Grief, iNDY AND THE STRANGE GIFT OF SOBRIETY

I lost my dog Indy on December 6, 2024.

Even writing that sentence still feels strange.

Indy wasn’t just a dog to me. He was a companion in the truest sense of the word. The kind of presence that quietly becomes part of the structure of your life without you even realizing it. The walks, the routines, the way he would look at me like I was the most important person in the world.

Dogs have a way of doing that. Their love is uncomplicated. No expectations. No conditions. Just loyalty and presence.

And when they’re gone, the silence they leave behind is overwhelming.

When Indy passed, the grief hit me in waves. Sometimes it showed up as sadness, sometimes as anger, and sometimes just as this strange emptiness that followed me around during the quiet parts of the day.

But something about going through that loss while sober taught me something I didn’t expect.

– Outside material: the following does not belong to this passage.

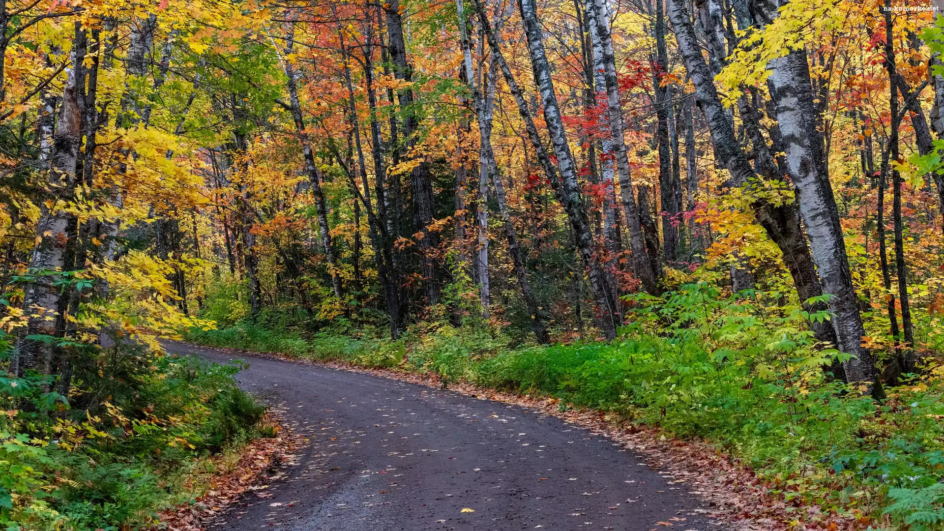 Las, Droga, Drzewa, Jesień, Kolorowe, Zakręt na Komórkę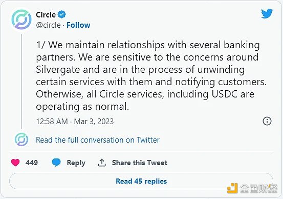 美元稳定币 USDC 发行方 Circle 在社交媒体上发文称,Circle 与多家银行合作伙伴都保持联系,目前也非常关注市场对 Silvergate 的担忧,并且正在解除与 Silvergate 的部分服务。Circle 表示相关进展会及时通知客户,当前包括 USDC 在内的所有 Circle 服务都运转正常,Circle 拥有多个储备和结算银行合作伙伴,负责管理 USDC 的现金储备,提供强大的流动性管理。

Sometimes sobriety actually feels easier when life is hard.

When you’re in the middle of grief, the truth of what you’re feeling is undeniable. You can’t pretend everything is fine. You can’t escape it. The weight of it demands your attention.

And oddly enough, that clarity makes drinking feel almost pointless.

Alcohol can numb pain for a little while, but it can’t process it. It can’t honor it. And it certainly can’t help you move through it in a real way.

Being sober meant I had to sit with the grief. I had to feel the loss of Indy in its full form—the sadness, the memories, the quiet moments where I’d expect to see him walk into the room.

But it also meant I could feel the other side of that grief too.

The gratitude.

Gratitude that I got to share my life with a dog whose entire purpose seemed to be loving me. Gratitude for the hikes, the road trips, the mornings, the small moments that seemed ordinary at the time but now feel incredibly meaningful.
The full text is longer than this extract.